Она искала... эссе

Александр Калинцев
Она искала сильного мужчину. В нём нуждалось поле, власть, воля, и даже, как это покажется ни странным, неприметная с виду кувалда, в кузнице, на взгорке. Их объединяло желание видеть рядом крепкую надёжную спину и твёрдую, но ласковую руку.

       Поле, обретая хозяина, поднималось в пояс хлебами, колос легко, и, на первый взгляд, беззаботно наливался спелостью, и лишь размашистая коса чувствовала напряжение могучего тела.

       Власть ставила такого старшаком и спрашивала с него вдвойне, мол, ничего, выдюжит. И он справлялся, а тайком, может быть, думал: поставь, пожалуй, ну вот, хоть Гришку, он ведь не потянет, хлипкий на вид, да и бездельник. Хозяйка не могла нарадоваться на такого супруга, надежду в жизни, соседей уважение.

       Вольная воля всегда была уделом сильных, и не случайно люди, почуяв волю, дрожали ноздрёй от нетерпения и становились на вершок выше ростом от самоуважения. Воля была насквозь проникающего действия, и определённо заразного типа подружка. Мозги становились набекрень в первую очередь у тех, кто имел глаза, умел мыслить и стремился к внутренней свободе. Шизофрения средней тяжести – вот диагноз думающего человека, который ставила ему власть.

       Кувалда с ласковым прозвищем «мамочка», в пять килограммов весом, радостно дрожала всем телом, когда попадала в сильные руки. Эта профи-дрожь передавалась металлу, раскалённому добела, и он обречённо-покорно подчинялся ударам свыше, зачастую меняя форму до неузнаваемости.

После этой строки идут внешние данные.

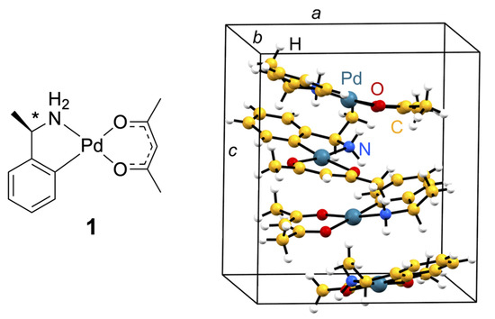- Calmuschi, B.; Englert, U. (S)-(Acetylacetonato-κ2O,O)[2-(1-aminoethyl)phenyl-κ2C1,N]palladium(II). Acta Crystallogr. Sect. E 2005, 61, m164–m165. [Google Scholar] [CrossRef]

       Она искала сильного мужчину.

       Власть посылала его в неведомые дали разжигать огонь революции, который без жертвоприношений едва теплился под толстой обложкой «Капитала».

       Поле расширенными зрачками с удивлением наблюдало, как её детище - зерно сыпучее – зачем-то зарывали в землю или жгли за амбаром в яме, не желая отдавать какой-то «продразверстке». Новые властители отбирали надежду завтрашнего дня, вынимали стержень  вживую, при жене и детях, а потом всех увозили в края далёкие.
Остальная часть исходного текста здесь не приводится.